An example of when we could infer the feeling of someone else, such as the effort level, would occur if we were to see an elderly adult lifting a heavy object. We would be likely to make an inference of other’s feeling of effort even when viewing their back (without watching their face). Studies utilizing transcranial magnetic stimulation (TMS) have demonstrated that corticospinal excitability during action observation of an effortful movement (lifting a heavy object) is greater than that during action observation of an effortless movement (lifting a very light object)21,22. However, these studies did not clarify whether the enhancement of corticospinal excitability reflected the effort level of the actor or the absolute weight of object. This is because the effort level and the object weight were confounding variables.

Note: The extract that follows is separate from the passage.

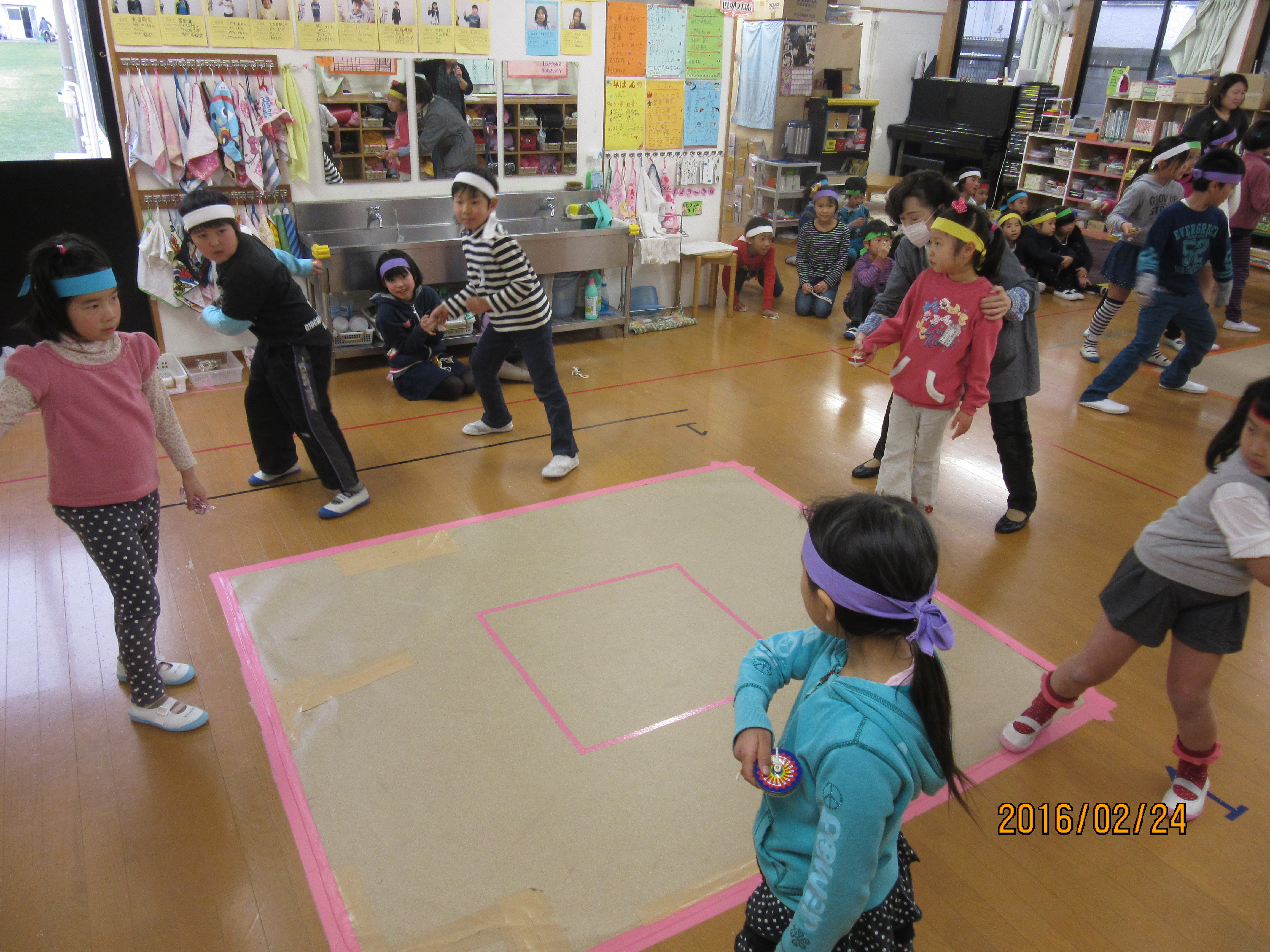 こまが止まってしまった人は座って、残っているこまの応援や勝負の行方をジッと見守っています。時々、グループの同じ子が生き残るように神様に祈るポーズで行く末を見守っている子もいました。真剣さがひしひしと伝わってきました!

In the present study, we utilized four different movies to dissociate the effort level of the actor and the absolute weight of the object lifted, we used four types of movies: a thin actor or a built (muscular) actor lifting heavy or light weights. To investigate the brain regions that respond to the forming of an inference of other’s feelings (the actor’s effort level) with action observation, we recorded brain activity using functional magnetic resonance imaging (fMRI). We used the dumbbell curl to depict a movement requiring effort. In the case of the thin actor lifting the heavy dumbbell, the actor’s effort would be higher than for the other conditions. We hypothesized that activity in the TPJ would be related to others’ effort levels during action observation because the TPJ is the key structure for inferring other’s feelings.

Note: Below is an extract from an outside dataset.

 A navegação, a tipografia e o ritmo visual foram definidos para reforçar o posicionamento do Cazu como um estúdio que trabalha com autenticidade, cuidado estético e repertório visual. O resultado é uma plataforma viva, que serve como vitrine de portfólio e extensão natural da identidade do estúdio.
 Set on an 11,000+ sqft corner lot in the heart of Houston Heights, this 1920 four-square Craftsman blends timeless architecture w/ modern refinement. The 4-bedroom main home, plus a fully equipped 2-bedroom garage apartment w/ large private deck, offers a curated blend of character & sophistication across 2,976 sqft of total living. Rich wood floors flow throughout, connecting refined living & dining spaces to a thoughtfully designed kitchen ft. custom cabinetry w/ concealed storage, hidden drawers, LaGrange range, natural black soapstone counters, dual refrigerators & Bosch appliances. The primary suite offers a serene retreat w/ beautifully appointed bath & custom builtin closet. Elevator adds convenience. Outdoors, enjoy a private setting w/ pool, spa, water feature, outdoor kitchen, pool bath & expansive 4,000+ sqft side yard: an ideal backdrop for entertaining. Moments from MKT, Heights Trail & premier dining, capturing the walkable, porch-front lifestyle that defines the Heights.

Thirty two right-handed male participants (age: range 19–30 years, mean 23.0 ± 3.4) participated in this study. Handedness was evaluated with the Edinburgh Inventory23. All participants had normal or corrected normal vision. All participants received a detailed explanation of the experimental procedures before the experiment, and written informed consent was obtained from all participants. The study was approved by the Human Research Ethics committee of Waseda University. The experiment was carried out according to the principles and guidelines of the Declaration of Helsinki (1975). One participant was excluded from the analysis because he did not follow instructions while performing the task.

fMRI data acquisition

All images were acquired using a 1.5 T MR scanner with an 8-channel head coil (Signa, General Electric, Wisc., USA). Blood oxygenation level dependent (BOLD) contrast functional images were acquired using T2*-weighted echo planar imaging (EPI) free induction decay (FID) sequences with the following parameters: TR 3000 ms, TE 50 ms, FOV 22 cm × 22 cm, flip angle 90°, slice thickness 5 mm and gap 1 mm. The orientation of the axial slices was parallel to the AC - PC line.

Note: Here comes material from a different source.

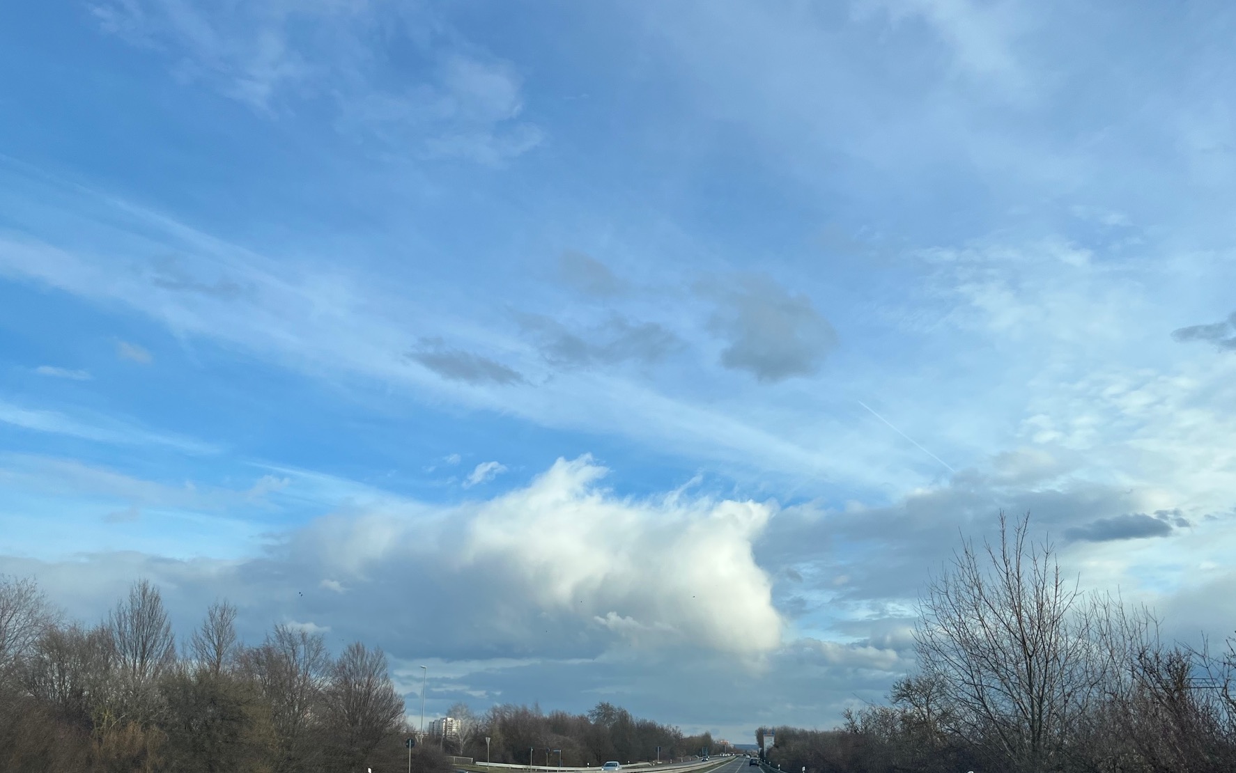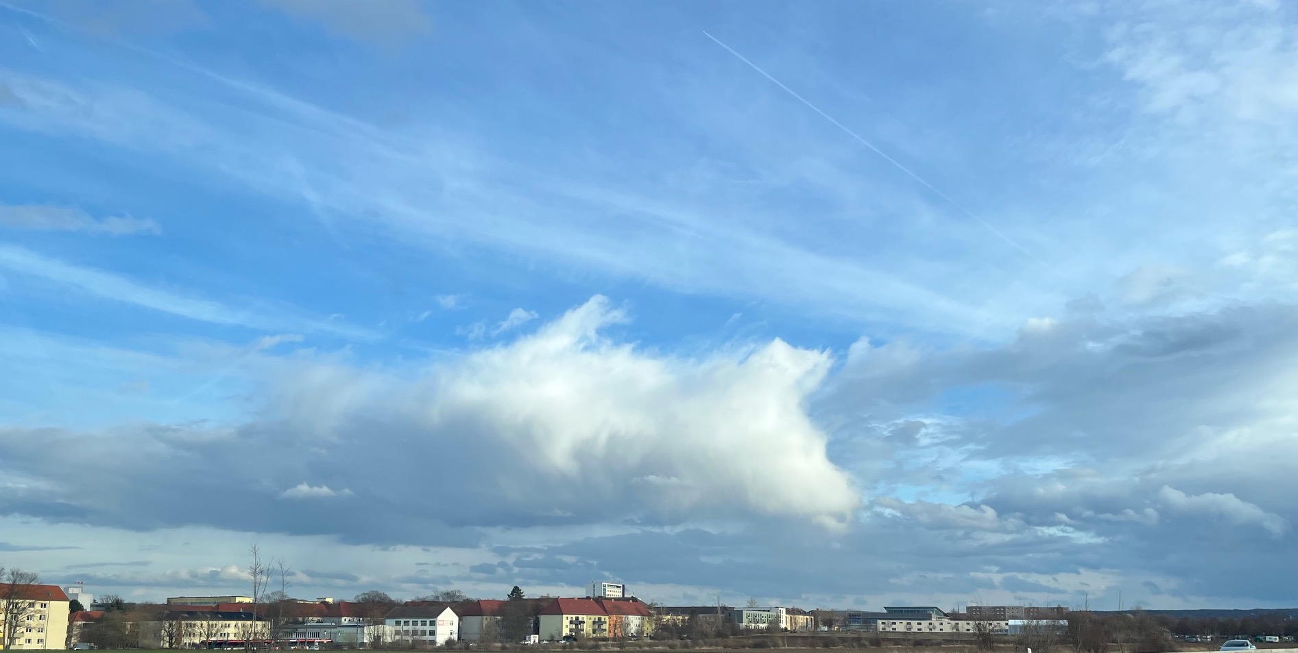 Vor einigen Tagen zeigte sich ein interessanter Himmel: Regen und Sonne sorgten für einen kräftig in den Spektralfarben leuchtenden Regenbogen. Die Wolkenformationen über unserem Erfurter Norden waren ebenfalls sehenswert. Leider ist alles schnell verändert oder ganz weg, Da bleibt nur, sofort Bilder noch aus dem Auto heraus zu machen (natürlich nur als Beifahrer).

The participants observed four different video-clips showing the right arm of an actor performing a dumbbell curl (Fig. 1A). These video-clips did not show the actor’s face. There were two actors and two dumbbell weights: (1) a thin (slight) actor curling a 1 kg dumbbell (S-1), (2) the thin actor curling a 5 kg dumbbell (S-5), (3) a built (muscular) actor curling a 1 kg dumbbell (L-1), and (4) the built actor curling a 5 kg dumbbell (L-5).

Figure 1
figure 1

(A) Observed movie-clips. (A) a thin (slight) actor curling a 1 kg dumbbell (S-1), (B) a thin actor curling a 5 kg dumbbell (S-5), (C) a built (muscular) actor curling a 1 kg dumbbell (L-1), and (D) a built actor curling a 5 kg dumbbell (L-5). The pace of the dumbbell curl was 0.5 Hz. (B) Kinematic parameters (elbow angle) of a dumbbell burl for each condition.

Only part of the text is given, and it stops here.